Next-generation sequencing unravels homozygous mutation in glucose-6-phosphate isomerase, GPIc.1040G>A (p.Arg347His) causing hemolysis in an Indian infant.

INTRODUCTION: Inherited anemias diagnostic workup requires a step-wise algorithm. Causal genes implicated in congenital hemolytic anemia are numerous, making a gene-by-gene approach by Sanger sequencing time consuming, expensive and labour intensive. Targeted resequencing can be of great use in explaining these cases.

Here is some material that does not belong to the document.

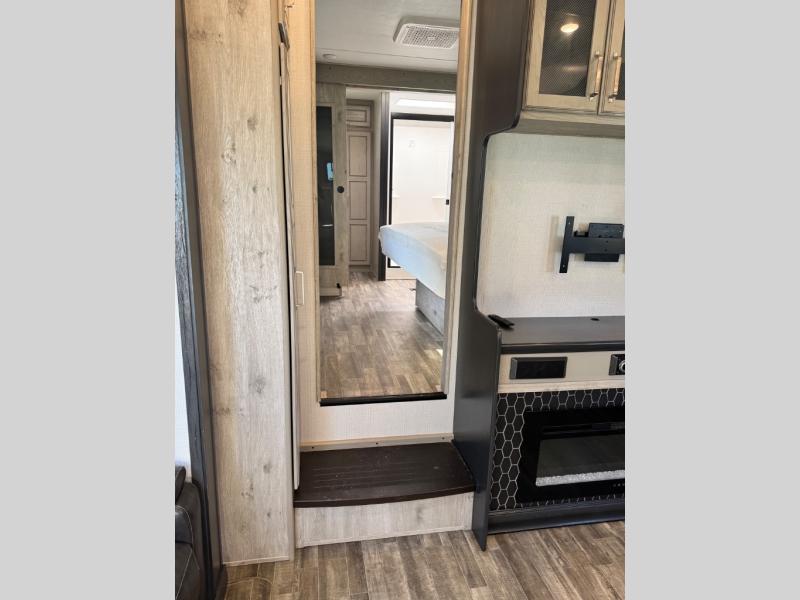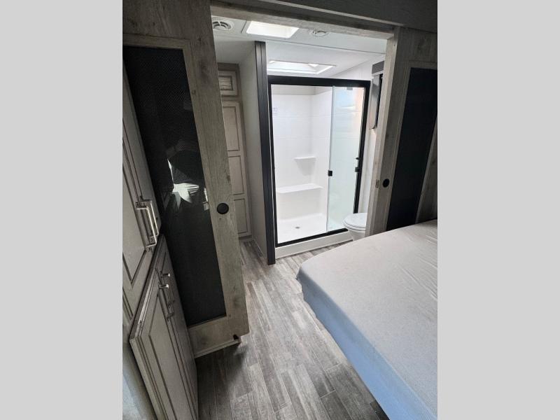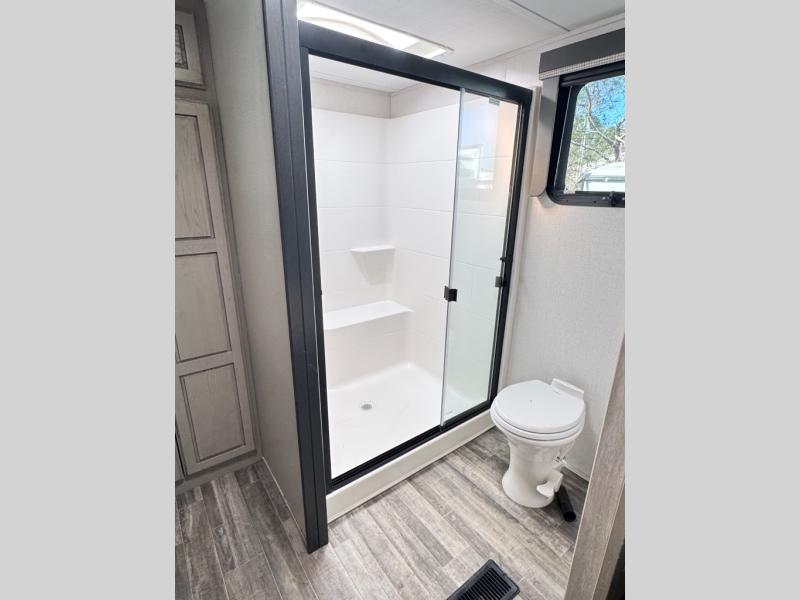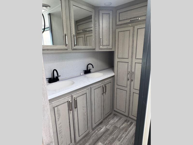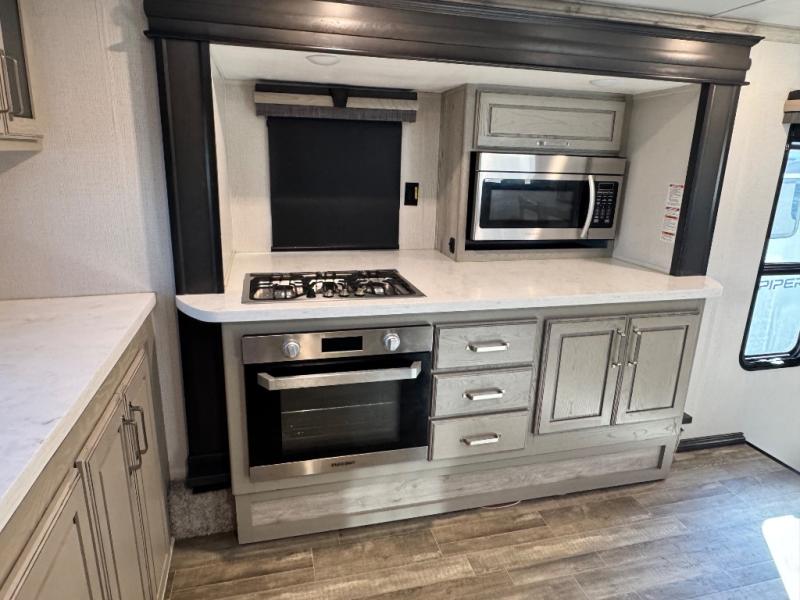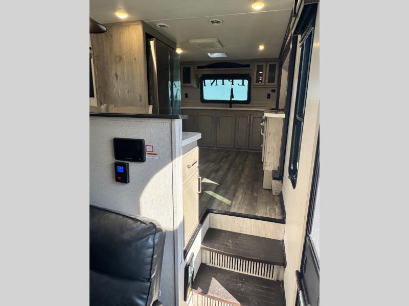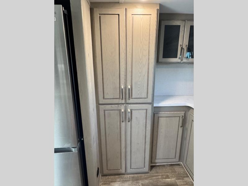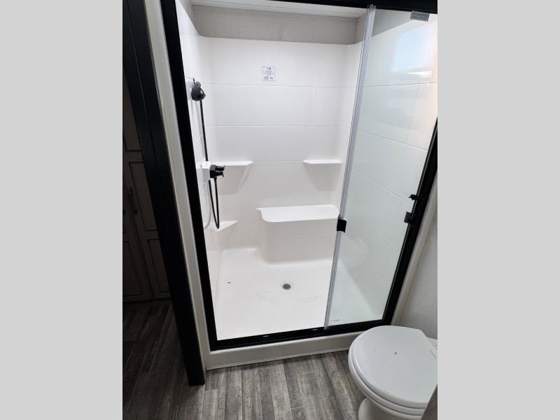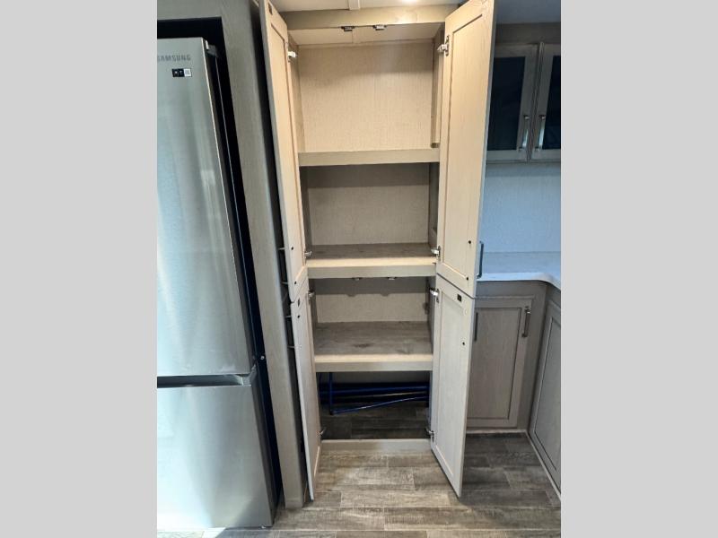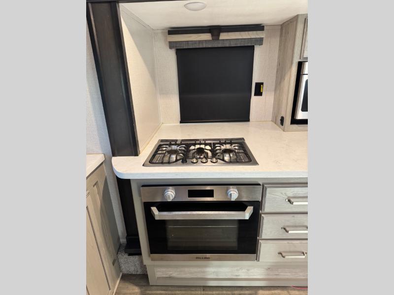 The chef of your group will love cooking in the front kitchen of this fifth wheel! The kitchen not only has extra countertop space to prepare your meals, a convection microwave, and 18 cu. ft. gas/electric refrigerator, but also a bar top with two bar stools overlooking the middle living area. Inside the living area is opposing tri-fold sofa sleeper slides that can be converted for extra sleeping spaces and Thomas Payne theater seating with heat, massage, LED lights, and a USB charging station across from an entertainment center with a 40" fireplace and 50" TV. The master suite has a king bed slide that has storage underneath and a chest with wardrobes on either side, plus access to the full rear bathroom which has a walk-in shower, a dual sink vanity for two to get ready at once, and an area prepped to add an optional washer and dryer!

METHODOLOGY: Six months female presented with neonatal jaundice and negative family history. Clinical and laboratory evidences were suggestive of hemolytic anemia. G6PD deficiency, thalassemias, hemoglobinopathies, autoimmune hemolytic anemia, hereditary spherocytosis and pyruvate kinase deficiency were excluded. Targeted resequencing on Illumina MiSeq using TruSight One sequencing panel was performed to identify the causative mutations.

RESULTS: 35-40% of RBCs were acanthocytes and echinocytes. A missense homozygous mutation was found inglucose-6-phosphate isomerase, GPI [c.1040G>A (p.Arg347His), rs137853583] which results in nonspherocytic hemolytic anemia.

CONCLUSION: This study describes GPI p.Arg347His mutation for the first time from India and is the first report of red cell GPI deficiency diagnosed using NGS-based resequencing and highlights the potential of this technique in clinical practice.